Democrats are already visiting early primary states, supporting congressional candidates, and gunning for speaking gigs. And it’s not because they enjoy potluck dinners and mid-July visits to small towns in the South.
California Gov. Gavin Newsom claimed he’s like, totally “not thinking about running” despite his visit to the early primary state of South Carolina. That was just a party-building effort.
Kentucky Gov. Andy Beshear, a 2024 veepstakes loser, told NBC last week that he’ll “take a look” at running, but only due to concern for his kids. He followed up over the weekend with his own test-the-waters trip to South Carolina.
Illinois Gov. J.B. Pritzker has headlined fundraisers for the Democratic Party of New Hampshire, another important early-primary state. His $3.7 billion Hyatt Hotel fortune should come in handy.
Also in the “pretending not to run” mix? Michigan Gov. Gretchen Whitmer, Maryland Gov. Wes Moore, and California Rep. Ro Khanna.
Republicans pretending they don’t want to be president have a tougher road ahead with poll-topping Vice President JD Vance in the mix. But that didn’t stop Virginia Gov. Glenn Youngkin from making a totally-not-a-campaign-stop in the super important early primary state of Iowa.
Over in Japan, the conservative party that’s run the show for all but five of the past 71 years, lost its majority in the upper house of parliament on Sunday. The results won’t change much, though, and Prime Minister Shigeru Ishiba will remain in power.
BRIEFS
● President Trump signed a major bipartisan crypto bill into law on Friday. The industry-backed GENIUS Act creates rules for stablecoins (asset-backed cryptocurrencies pegged to the value of the dollar). Two related crypto bills are currently awaiting Senate votes.
● Moscow’s four major airports closed over the weekend amid a barrage of Ukrainian drone attacks. Russia’s defense ministry said it downed more than 230 drones, sparking cancellations and delays for hundreds of commercial airline flights in the region.
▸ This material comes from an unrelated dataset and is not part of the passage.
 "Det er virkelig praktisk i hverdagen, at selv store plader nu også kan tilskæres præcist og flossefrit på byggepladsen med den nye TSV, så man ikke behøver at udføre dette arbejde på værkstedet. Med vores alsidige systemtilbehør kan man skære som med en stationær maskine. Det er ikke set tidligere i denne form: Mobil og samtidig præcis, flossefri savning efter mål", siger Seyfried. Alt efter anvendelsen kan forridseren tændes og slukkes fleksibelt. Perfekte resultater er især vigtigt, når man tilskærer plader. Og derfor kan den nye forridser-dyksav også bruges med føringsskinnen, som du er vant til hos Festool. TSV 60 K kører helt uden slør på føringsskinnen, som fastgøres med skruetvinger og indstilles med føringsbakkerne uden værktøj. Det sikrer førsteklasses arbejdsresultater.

● Some nutjob in Los Angeles has been charged after allegedly plowing his car into a crowd of people outside a club at 2 a.m. on Saturday. Nearby, an accidental explosion at a training facility killed three L.A. County sheriff’s deputies.
● Arizona Gov. Katie Hobbs on Saturday toured wildfire damage near the Grand Canyon. Sparked by lightning on July 4, the National Park Service initially let the fire burn. It’s since charred 18 square miles, and Hobbs wants answers on the NPS’s strategy.
QUOTE
I once again call for an immediate end to the barbarity of this war and for a peaceful resolution to the conflict.
ANSWER
Motivated in part by the military draft that sent a bunch of them to war, American 18-year-olds won the right to vote in 1971. Don’t expect the U.S. to follow the U.K.’s lead on dropping that to 16, though. A recent-ish poll found that a whopping 84 percent of us oppose letting the broccoli-haired brigade vote.